_WORK ORDER_.
Exact reproduction required: the lines below from the line with "Menteri Besar bersama" to the line with "Pihak PKPS turut", both ends included, and no others.

_INFORMATION SHOWN_.
►

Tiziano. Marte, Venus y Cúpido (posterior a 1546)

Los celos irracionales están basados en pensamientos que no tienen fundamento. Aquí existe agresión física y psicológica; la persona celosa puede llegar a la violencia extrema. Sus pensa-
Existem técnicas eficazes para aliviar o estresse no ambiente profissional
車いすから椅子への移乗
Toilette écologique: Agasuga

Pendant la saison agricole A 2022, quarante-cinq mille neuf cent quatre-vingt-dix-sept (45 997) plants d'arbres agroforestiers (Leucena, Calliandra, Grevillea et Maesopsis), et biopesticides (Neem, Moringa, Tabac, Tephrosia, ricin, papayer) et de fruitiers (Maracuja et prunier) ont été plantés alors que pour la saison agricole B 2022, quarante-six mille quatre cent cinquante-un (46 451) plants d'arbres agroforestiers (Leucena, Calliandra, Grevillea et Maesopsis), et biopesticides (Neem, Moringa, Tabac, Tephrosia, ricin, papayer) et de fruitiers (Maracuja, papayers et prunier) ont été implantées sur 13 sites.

◄
►

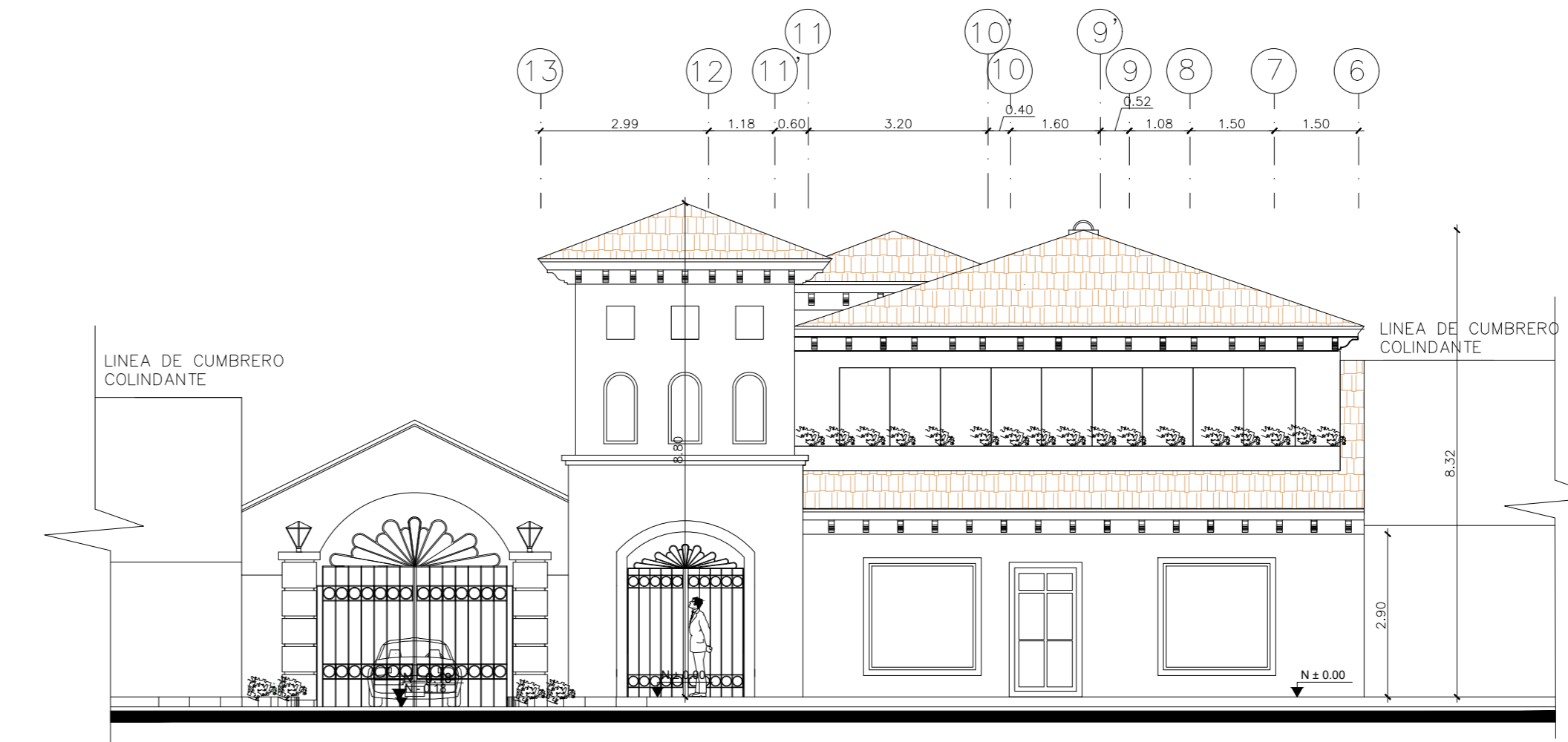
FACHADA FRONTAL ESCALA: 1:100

◄
►

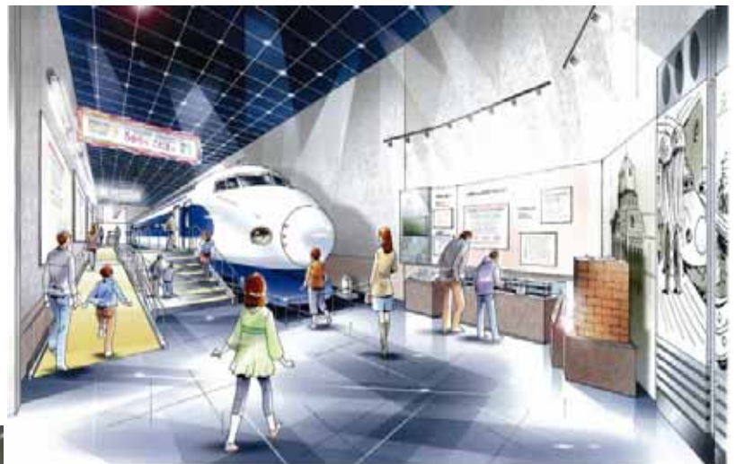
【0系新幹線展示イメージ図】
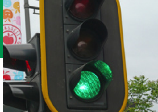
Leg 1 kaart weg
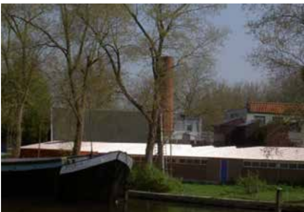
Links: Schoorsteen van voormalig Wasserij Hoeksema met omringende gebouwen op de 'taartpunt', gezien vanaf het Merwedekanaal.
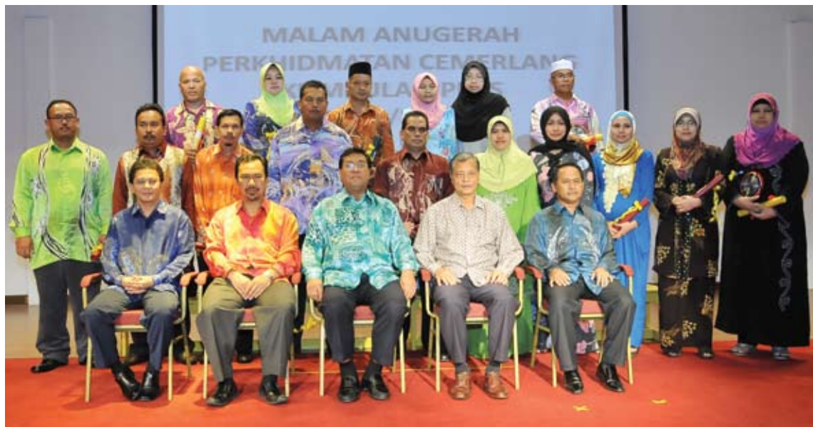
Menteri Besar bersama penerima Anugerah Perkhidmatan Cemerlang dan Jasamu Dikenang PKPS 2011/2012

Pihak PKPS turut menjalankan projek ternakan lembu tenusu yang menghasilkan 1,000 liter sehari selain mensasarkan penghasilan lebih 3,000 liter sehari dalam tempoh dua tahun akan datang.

◄

_REPLY TO THE TASK_.
Menteri Besar bersama penerima Anugerah Perkhidmatan Cemerlang dan Jasamu Dikenang PKPS 2011/2012

Pihak PKPS turut menjalankan projek ternakan lembu tenusu yang menghasilkan 1,000 liter sehari selain mensasarkan penghasilan lebih 3,000 liter sehari dalam tempoh dua tahun akan datang.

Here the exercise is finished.